▶ [TASK INSTRUCTIONS]
Every line from the one with "Our Mariposa Talavera" to the end of the listing below must be printed exactly, with no other text and no pictures.

▶ [GIVEN DATA]
=== Section Start ===

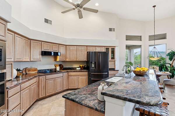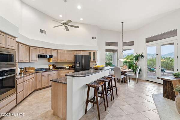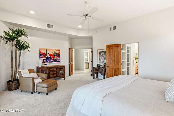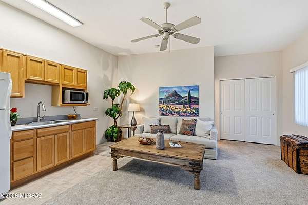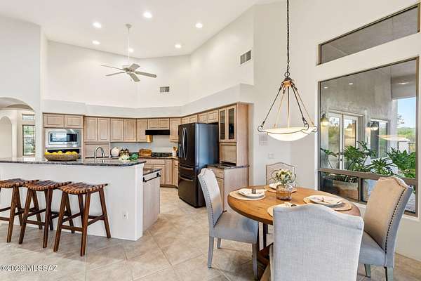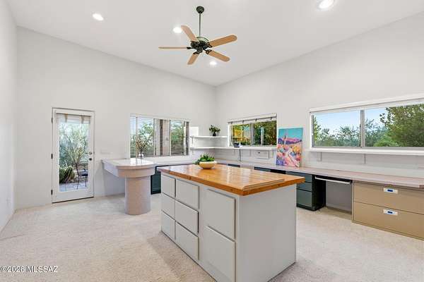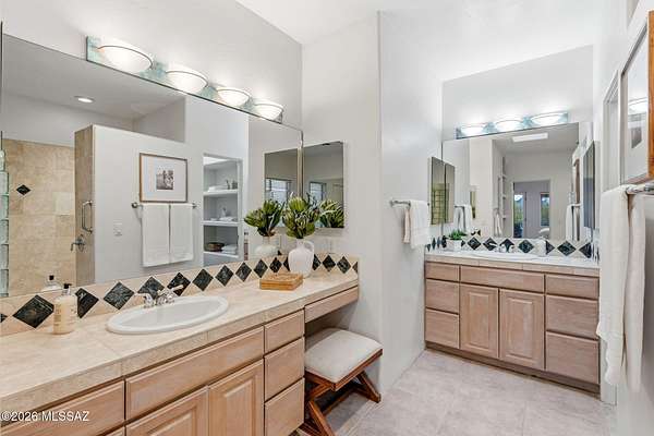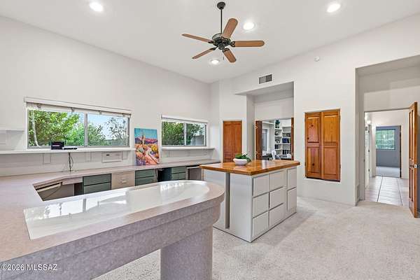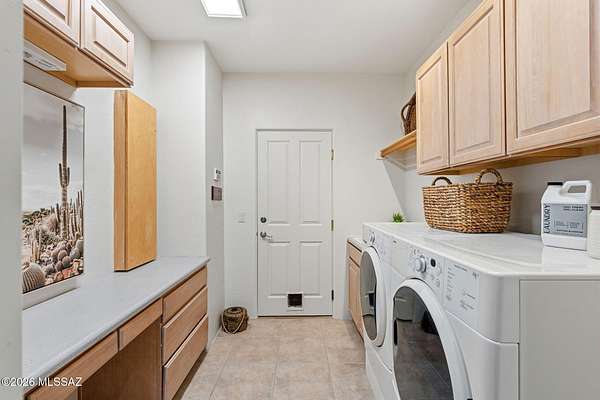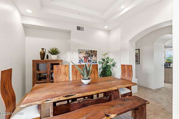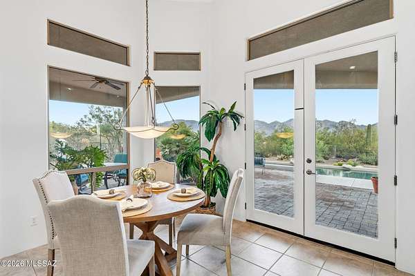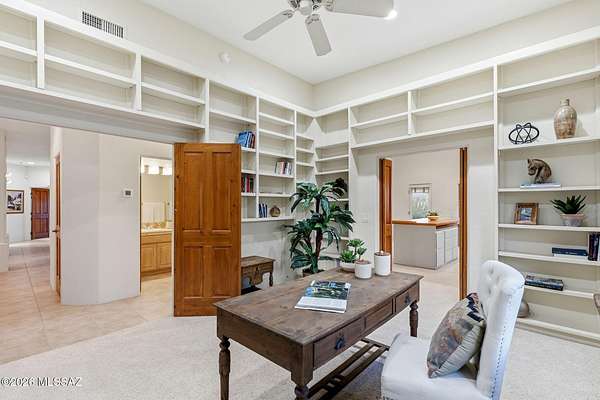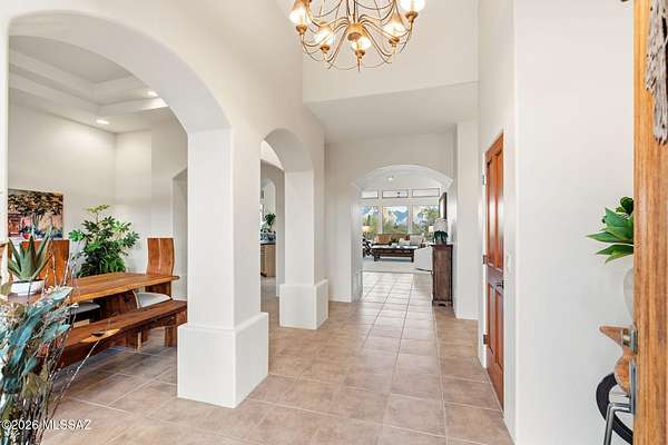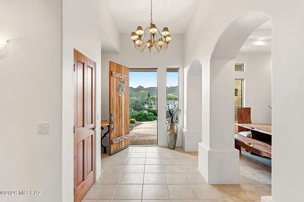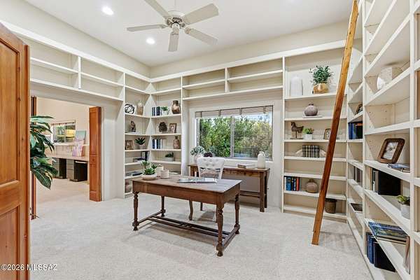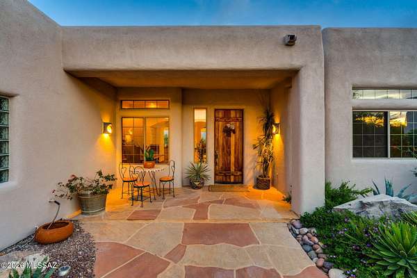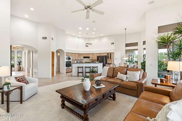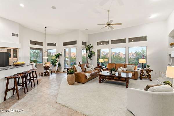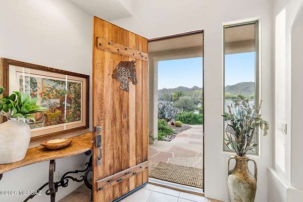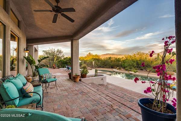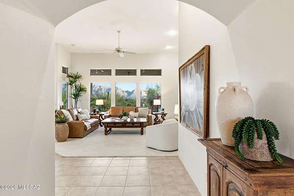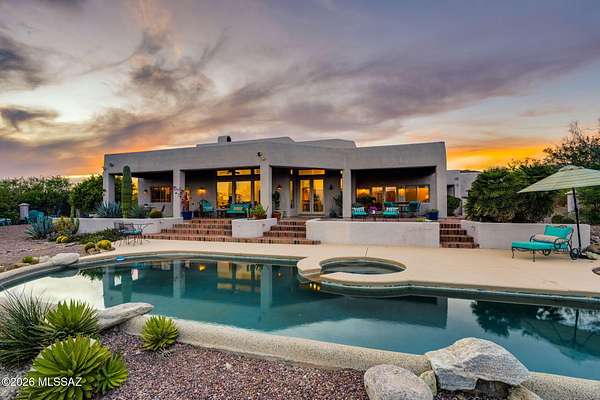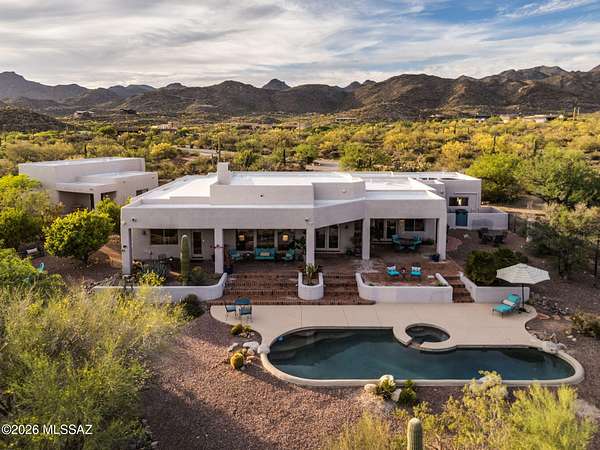 A Desert Oasis Set on over 4 acres with sweeping mountain views in every direction. This exceptional property captures the beauty of the Sonoran Desert w/ the Tortolita Mountain views to the front & stunning Pusch Ridge views to the rear. The 3-bedroom main residence w/ a dedicated library offers a desirable split bedroom floor plan for added privacy, while the detached 356 sq ft casita w/ full bath functions perfectly as a fourth bedroom for guests, multigenerational living, or a private office. Expansive windows, soaring ceilings, & a warm neutral interior color palette fill the home with natural light, while generous living areas & a cozy fireplace provide comfort and versatility. Designed for true Arizona outdoor living, the backyard features a sparkling pool and spa with solar heating along with multiple covered patios ideal for relaxing, entertaining, and taking in the peaceful desert sunsets. Car enthusiasts, hobbyists, and outdoor adventurers will appreciate the incredible garage capacity, including a 3-car garage, dedicated RV garage that could also function as a 2-car plus tandem garage, and an additional garage space currently utilized as a 544 sq ft workshop, providing exceptional storage and workspace options. With room to spread out, breathtaking views in every direction, and versatile amenities throughout, this property offers privacy, functionality, and the relaxed luxury of desert living in a highly desirable setting.
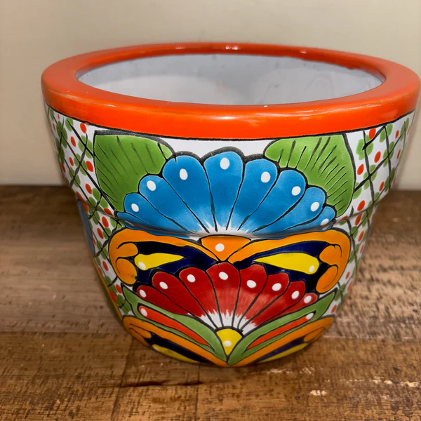 Our Mariposa Talavera Pots are hand-made and hand-painted in Mexico, bringing vibrant Southwestern charm to any space. Perfectly sized for 1-gallon and 5-gallon plants, these pots make stunning displays or thoughtful DIY gifts. Each 9″ × 8″ pot is unique and carefully packaged for safe delivery. Add authentic desert artistry to your home or garden today.
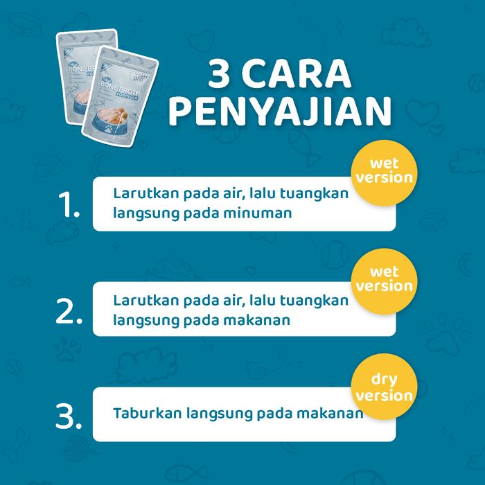 | Bone Broth (Chicken) | 100% ekstrak tulang ayam asli, tanpa bahan pengawet atau perasa buatan. |

=== Section End ===

▶ [RESPONSE TO THIS EXERCISE]
 Our Mariposa Talavera Pots are hand-made and hand-painted in Mexico, bringing vibrant Southwestern charm to any space. Perfectly sized for 1-gallon and 5-gallon plants, these pots make stunning displays or thoughtful DIY gifts. Each 9″ × 8″ pot is unique and carefully packaged for safe delivery. Add authentic desert artistry to your home or garden today.
 | Bone Broth (Chicken) | 100% ekstrak tulang ayam asli, tanpa bahan pengawet atau perasa buatan. |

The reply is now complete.